What Is Civil Litigation?

Civil litigation entails one party seeking either compensation or the cessation or instigation of an action without any involvement of criminal charges. Knowing more about the differences between civil and criminal litigation will give you a better idea of what types of cases qualify as either.

Civil Litigation Defined

Civil litigation involves a plaintiff and a defendant, where the plaintiff seeks monetary compensation or a certain action from the defendant for damages that the defendant caused to the plaintiff. In many cases, civil litigation entails negotiating a settlement from the defendant or the defendant’s insurers.

Many types of cases fall under the definition of civil lawsuits, including:

  • Personal injury, including vehicle accidents, slip and fall accidents, and other causes of injuries
  • Product liability
  • Medical malpractice
  • Real estate issues
  • Workers’ compensation
  • Disputes between landlords and tenants
  • Construction Defect 
  • Breach of Contract

These cases differ from criminal litigation, which pertains to cases involving criminal penalties and potential convictions. Criminal cases may seek convictions for crimes or misdemeanors along with specific forms of punishment for these criminal acts, including anything from fines to prison time. Some cases may involve both civil and criminal litigation, depending on the circumstances, such as cases where a defendant’s criminal acts result in wrongful death.

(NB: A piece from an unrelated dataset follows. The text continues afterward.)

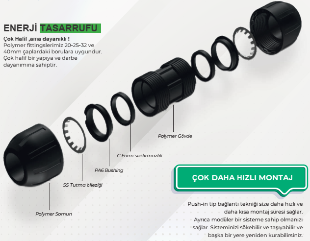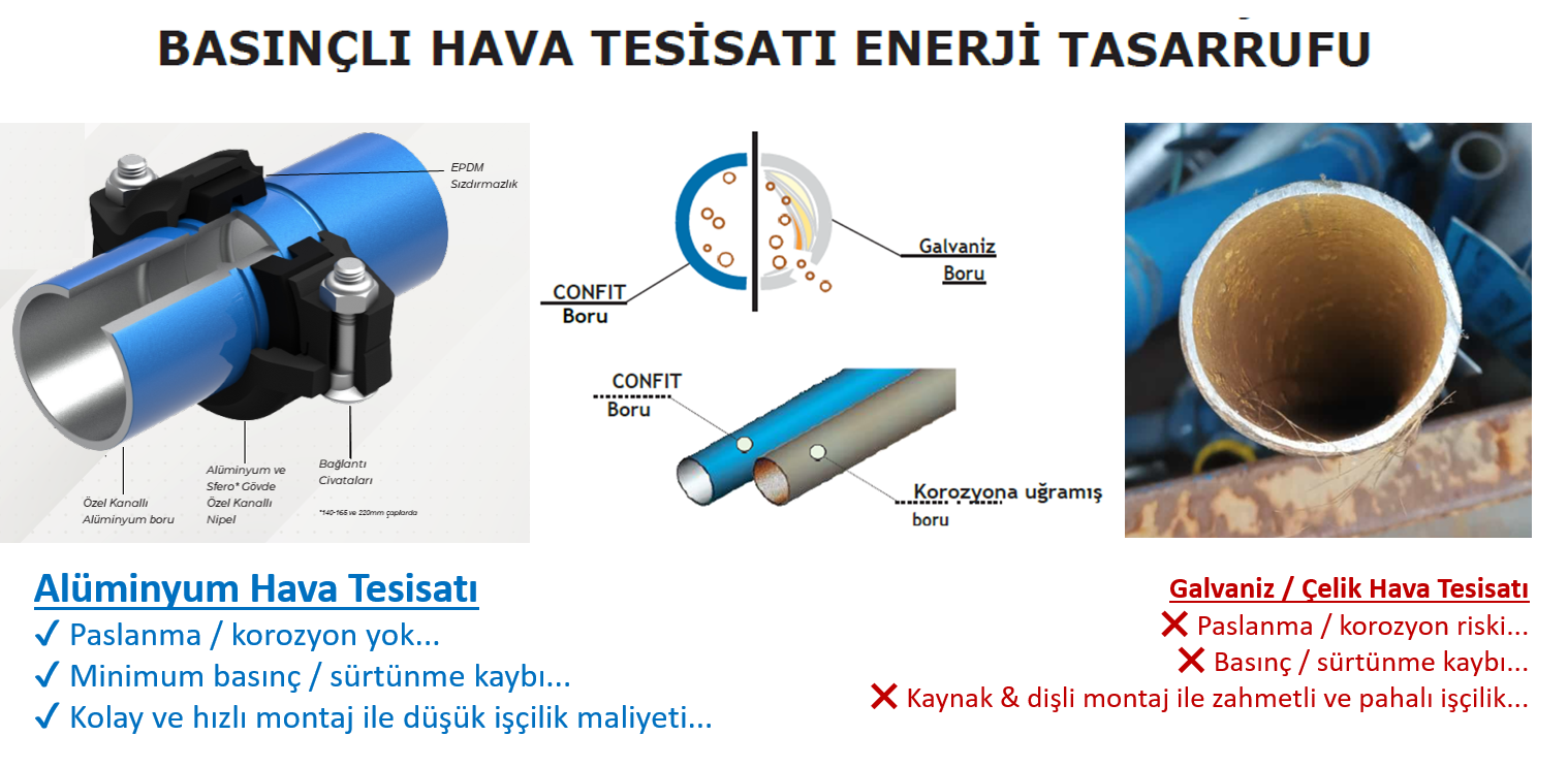 Kompresör çıkışından son kullanım noktasına kadar temiz ve dalgalanmayan bir basınçlıhava akışını ve dış ortamlardaki dayanıklığı garanti ediyoruz. Sızdırmazlık ve düşük basınç kaybı sayesinde işletmenizdeki bakım giderleri ve zaman kaybı minimize olacaktır.

Civil cases can also involve many people, including multiple plaintiffs and defendants, such as in class action lawsuits seeking damage from a corporate entity for a large number of harmed plaintiffs.

Civil Litigation Terms and What They Mean

When getting involved in a civil lawsuit, there are many legal terms you may encounter. The following are some of the many civil litigation terms out there and their definitions:


Civil cases deal with tort law, which applies when one party’s negligence or malicious acts cause injuries and other damages to the Plaintiff.


This pertains to the legal responsibility for causing harm to another, either through a specific action or inaction. Proving liability is critical in many civil cases, but it’s not a requirement for all of them, such as workers’ compensation cases.


To begin a civil lawsuit, one party will need to file a complaint. The complaint includes all relevant details and factual allegations of the case and the type of compensation, action, or cessation of action the plaintiff desires from the defendant.

Cause of Action

This is the explanation that a complaint will detail regarding the reason(s) for filing a civil claim or lawsuit. For example, the cause of action could be a particular form of negligence or other wrongdoing, such as breach of contract, that causes harm or loss to the Plaintiff.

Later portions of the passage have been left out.